ブラウザ上のインタラクティブデモ(Gradio 製)も用意されており、radius と minPts をスライダーで調整しながら合成データへの分類結果をリアルタイムで確認できます。コードを書く前に挙動のイメージをつかむのに便利です。
実践のコツ:パラメータ調整のはじめの一歩
CLASSIX のパラメータ調整で最初に押さえるべきは radius と minPts の 2 つです。この 2 つを理解するだけで、ほとんどのユースケースに対応できます。
- まず
radius=1, minPts=1で全体像をつかむ。クラスタ数が多すぎればradiusを大きくし、少なすぎれば小さくします。 minPtsでノイズを制御する。小さいクラスタが目立つ場合はminPtsを上げると、近隣クラスタへ再割り当て(または-1のノイズ扱い)されます。verbose=1でログを見ながら調整する。何グループ・何クラスタに分かれたかが出力されるので、過剰分割や過少分割を素早く検知できます。clx.clusterSizes_でクラスタサイズを確認する。特定クラスタが極端に大きい場合はradiusを小さくするサインです。post_alloc=True(デフォルト)を使う。minPts未満の小クラスタを自動で近くの大クラスタに統合してくれます。ノイズとして明示したい場合はpost_alloc=Falseに変更します。- 新規データへの予測には
.predict()を使う。一度.fit()したモデルを使い回せるため、バッチ処理や本番推論にも対応できます。
clx = classix.CLASSIX(
sorting='pca', # PCA 主軸でソートして高速化
radius=0.15,
minPts=14,
group_merging='density',
verbose=1
)
clx.fit(X)
print(clx.clusterSizes_) # 各クラスタのサイズ一覧
活用例
- コロナウイルス変異株の系統分類:README のデモでは 572 万件のゲノムデータを 3 特徴量で 25 クラスタに分類する例が示されています。特定の 2 系統がどのグループを経由してつながるかを経路として出力できるため、バイオインフォマティクスの解析に適しています。

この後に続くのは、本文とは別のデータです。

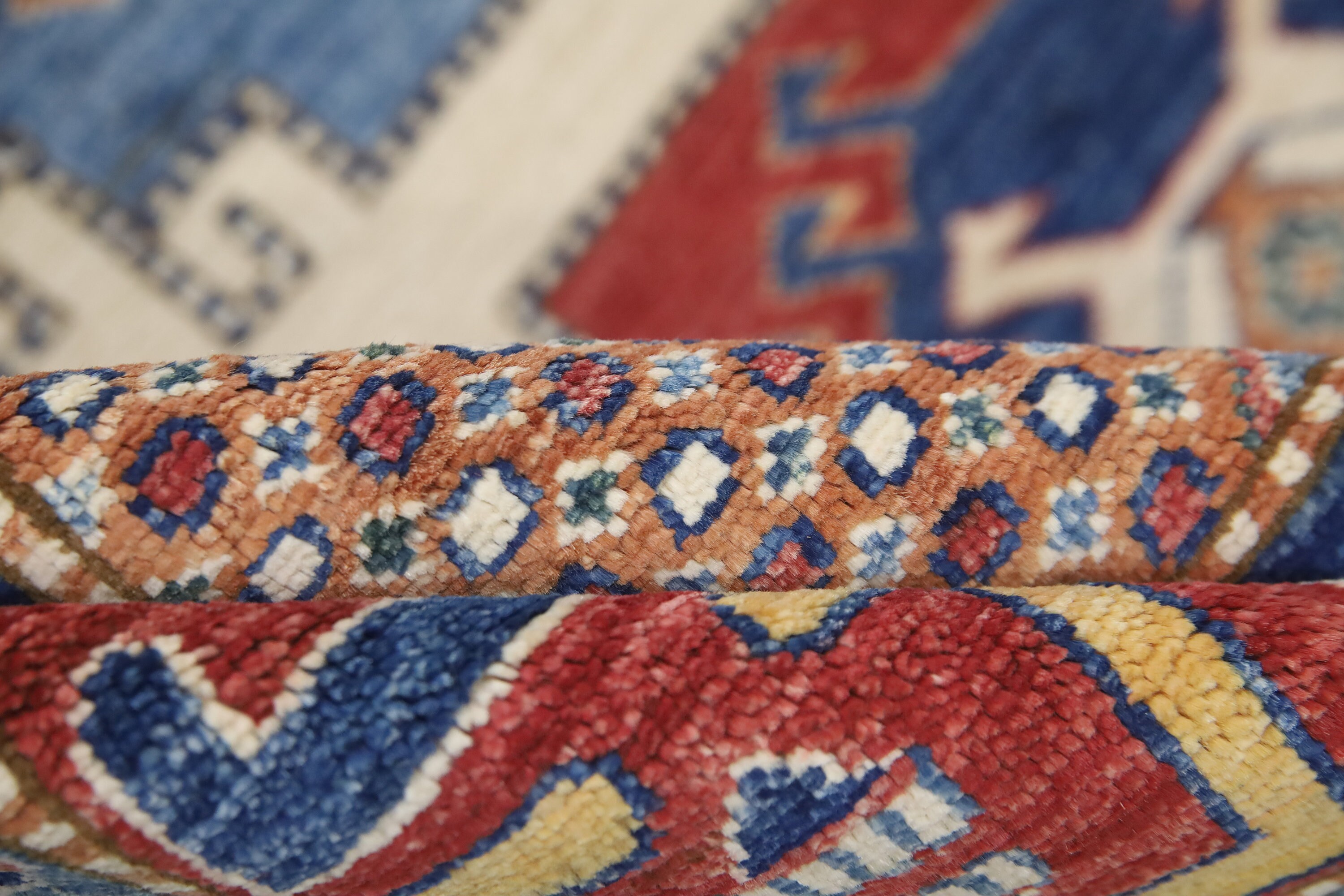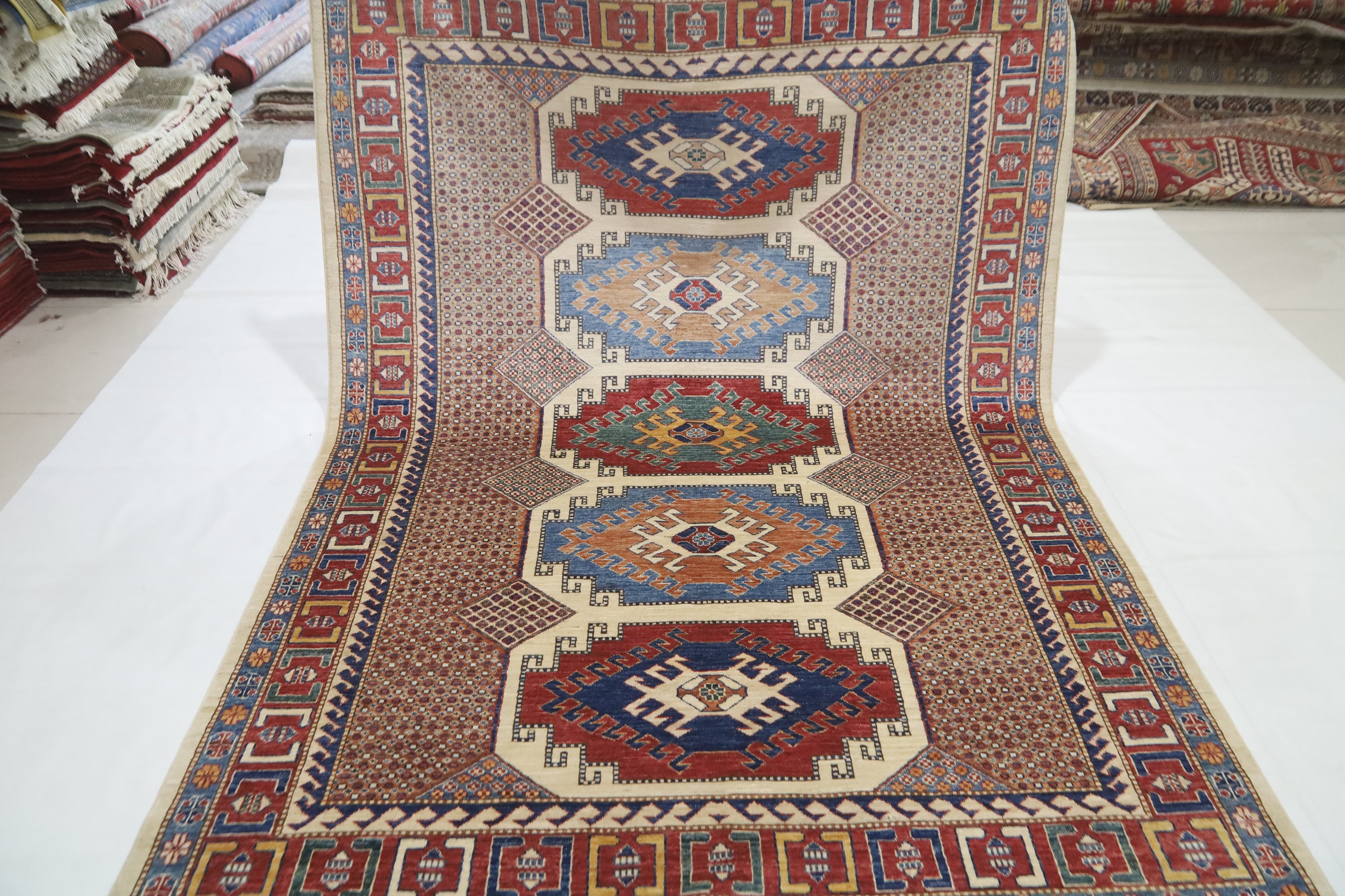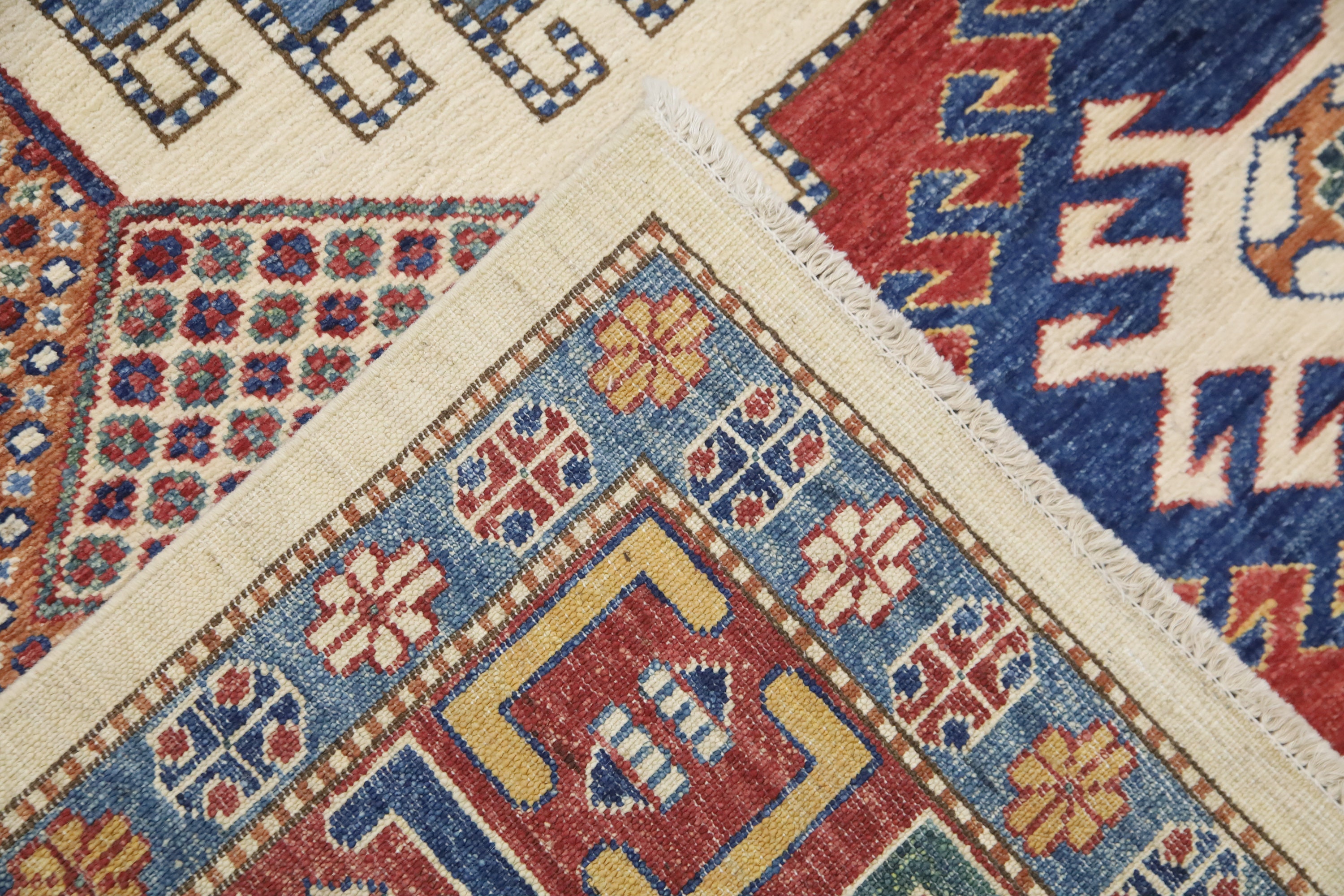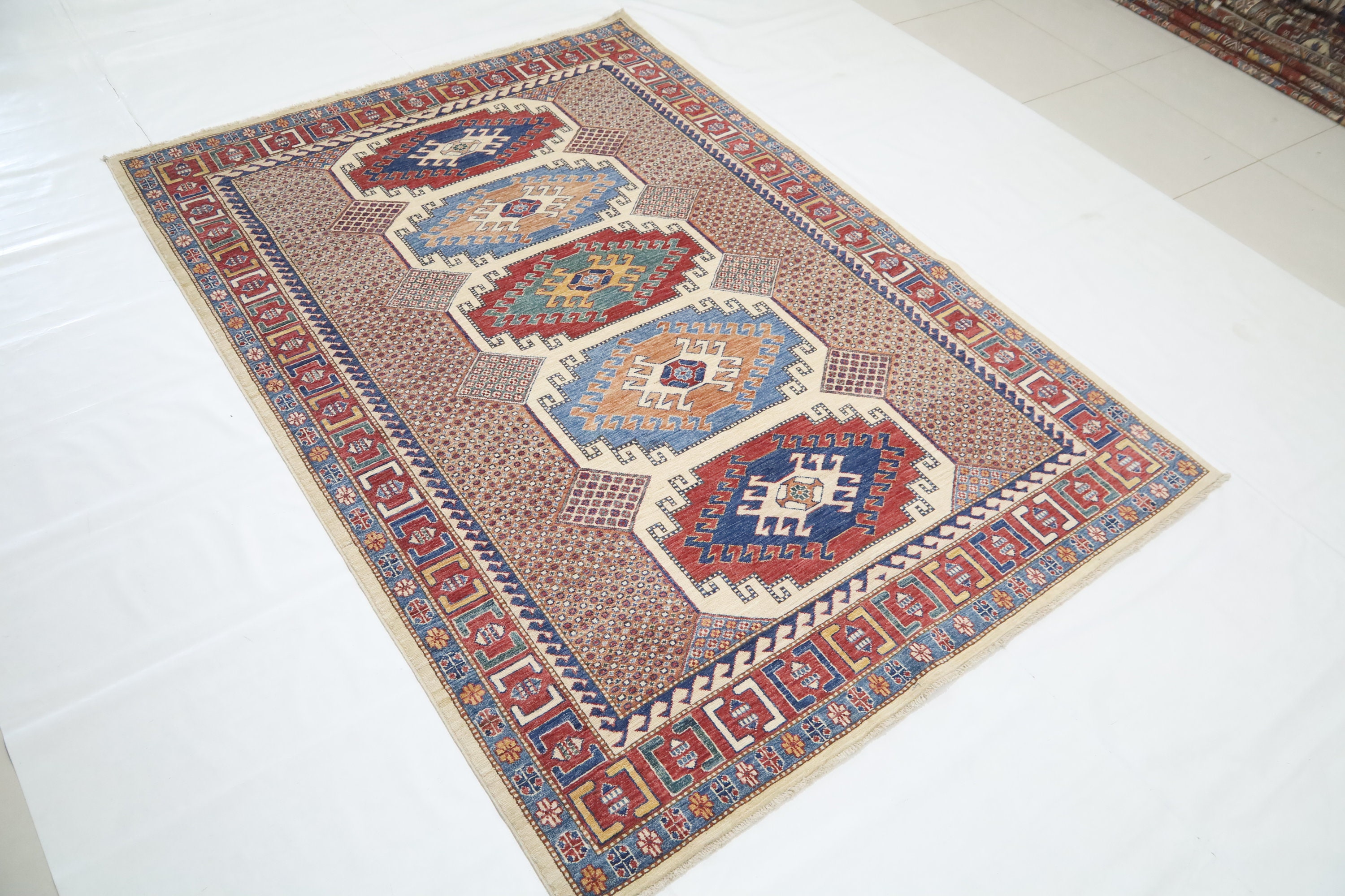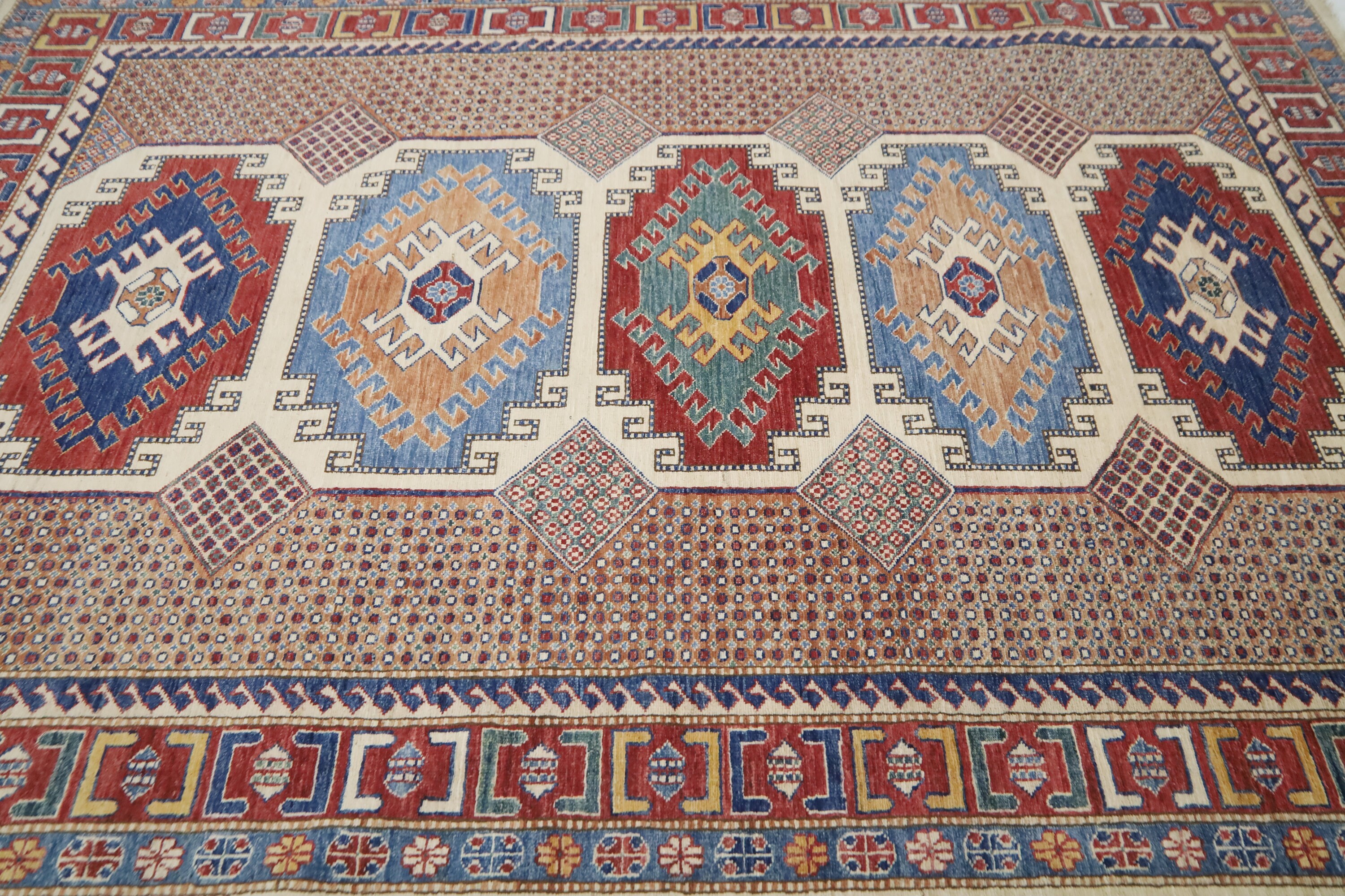 6x8 Kazak Area Rug - Multicolor Afghan Hand Made Geometric Fine Quality Wool Rug - Traditional Rug - Bedroom Rug - Living Room Rug

- 顧客セグメンテーションの根拠説明:購買履歴や行動ログの埋め込みベクトルをクラスタリングし、
.explain()で各セグメントの特性をチームに説明できます。「なぜこの顧客層が同じグループか」という根拠提示が、ブラックボックスなアルゴリズムでは難しいところをカバーします。 - 画像のセグメンテーション:リポジトリ内の
exps/run_img_seg.pyに画像ピクセルのクラスタリングサンプルが含まれています。色や特徴量に基づいた領域分割に応用できます。 - テキスト埋め込みのクラスタリング:BERT や Sentence Transformers で生成した文書ベクトルを CLASSIX に入力することで、トピックの自動分類やドキュメントの類似グループ化が行えます。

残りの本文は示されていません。